The other difference in the browser implementation is that the rejection value (reason) is available for both events. For example:

let rejected;

window.onunhandledrejection = function(event) {
    console.log(event.type);                    // "unhandledrejection"
    console.log(event.reason.message);          // "Explosion!"
    console.log(rejected === event.promise);    // true
};

window.onrejectionhandled = function(event) {
    console.log(event.type);                    // "rejectionhandled"
    console.log(event.reason.message);          // "Explosion!"
    console.log(rejected === event.promise);    // true
};

rejected = Promise.reject(new Error("Explosion!"));

This code assigns both event handlers using the DOM Level 0 notation of onunhandledrejection and onrejectionhandled. (You can also use addEventListener("unhandledrejection") and addEventListener("rejectionhandled") if you prefer.) Each event handler receives an event object containing information about the rejected promise. The typepromise, and reason properties are all available in both event handlers.
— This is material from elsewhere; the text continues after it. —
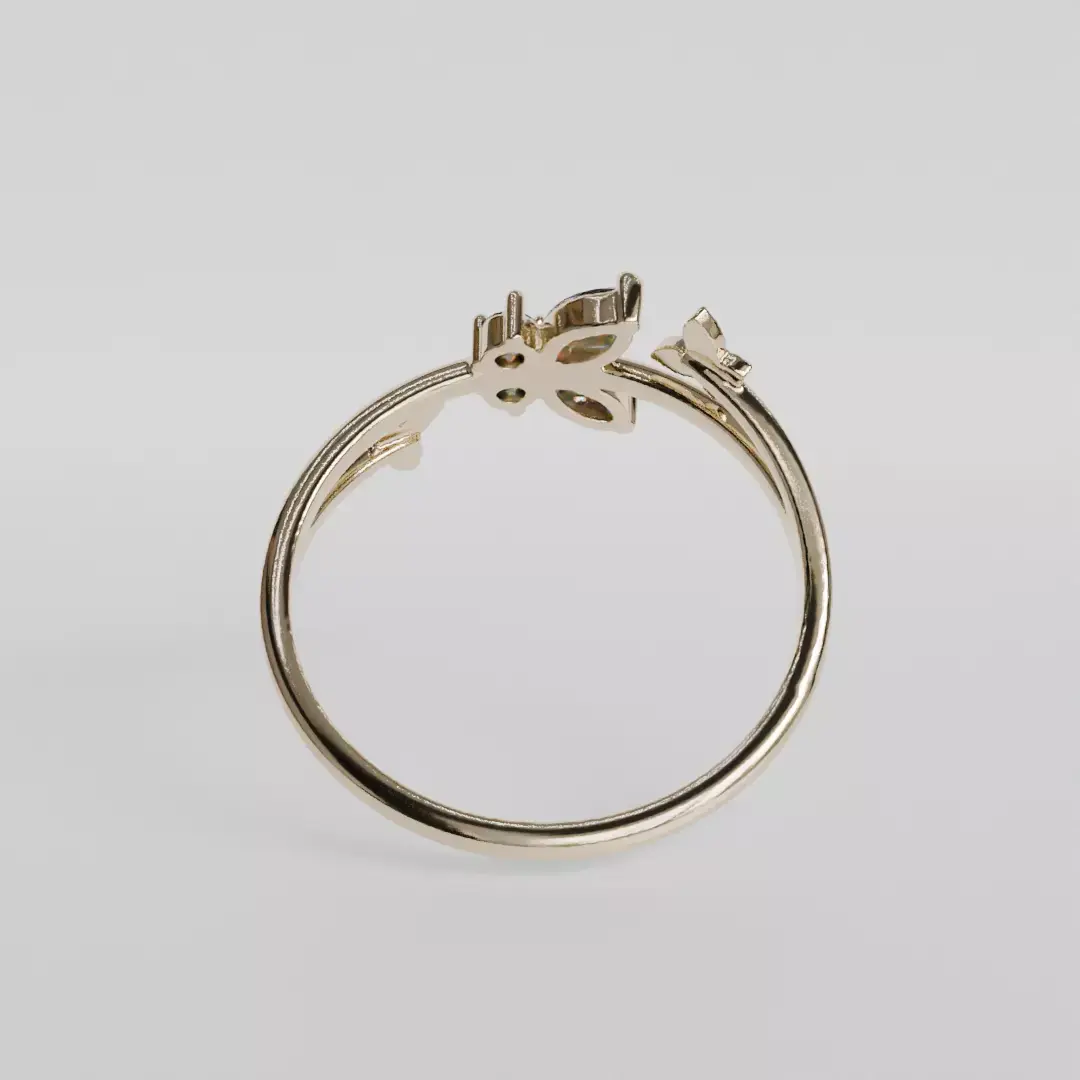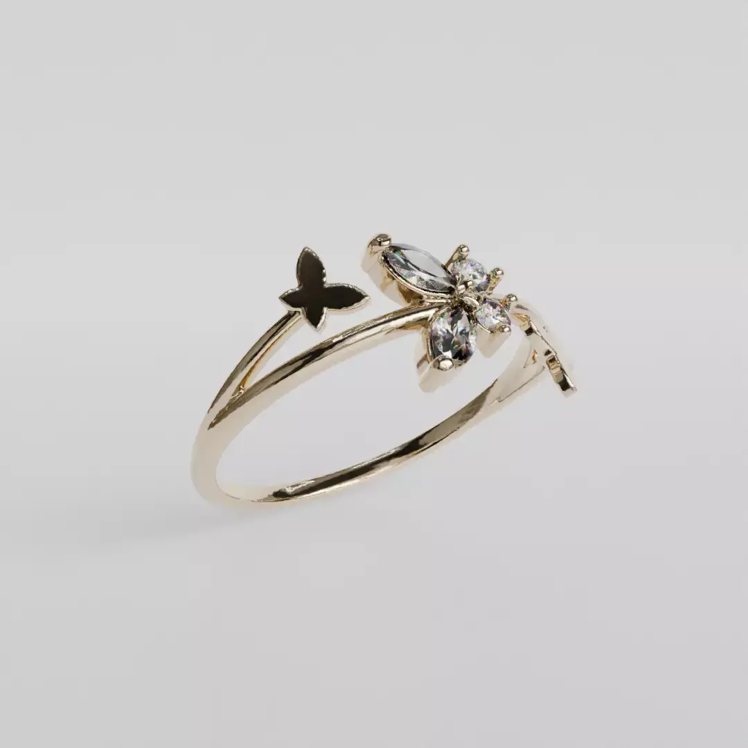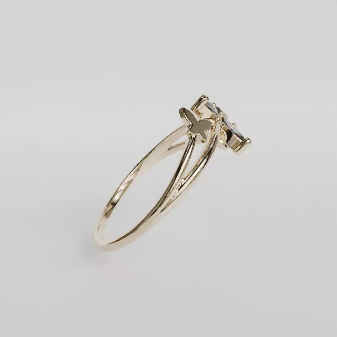 Butterfly ringUS size 6 1/2Slim, feminine ring with three butterflies, two of them plain and the center inlaid with two 4 x 2 mm zircons or marquise diamonds and two 1.75 mm diameter zircons or diamonds.
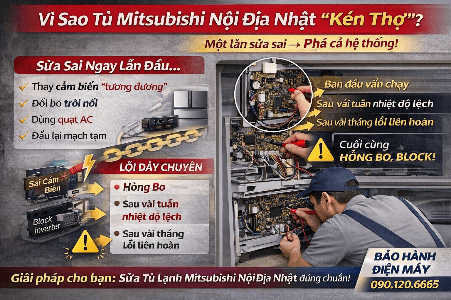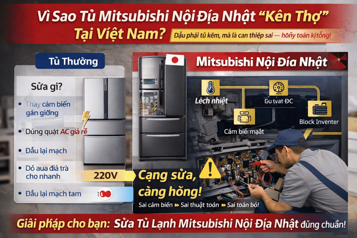 “Tủ Mitsubishi nội địa rất bền – nhưng đã hỏng thì phải gặp đúng thợ.”

The code to keep track of unhandled rejections in the browser is very similar to the code for Node.js, too:

let possiblyUnhandledRejections = new Map();

// when a rejection is unhandled, add it to the map
window.onunhandledrejection = function(event) {
    possiblyUnhandledRejections.set(event.promise, event.reason);
};

window.onrejectionhandled = function(event) {
    possiblyUnhandledRejections.delete(event.promise);
};

setInterval(function() {

    possiblyUnhandledRejections.forEach(function(reason, promise) {
        console.log(reason.message ? reason.message : reason);

        // do something to handle these rejections
        handleRejection(promise, reason);
    });

    possiblyUnhandledRejections.clear();

}, 60000);

This implementation is almost exactly the same as the Node.js implementation. It uses the same approach of storing promises and their rejection values in a map and then inspecting them later. The only real difference is where the information is retrieved from in the event handlers.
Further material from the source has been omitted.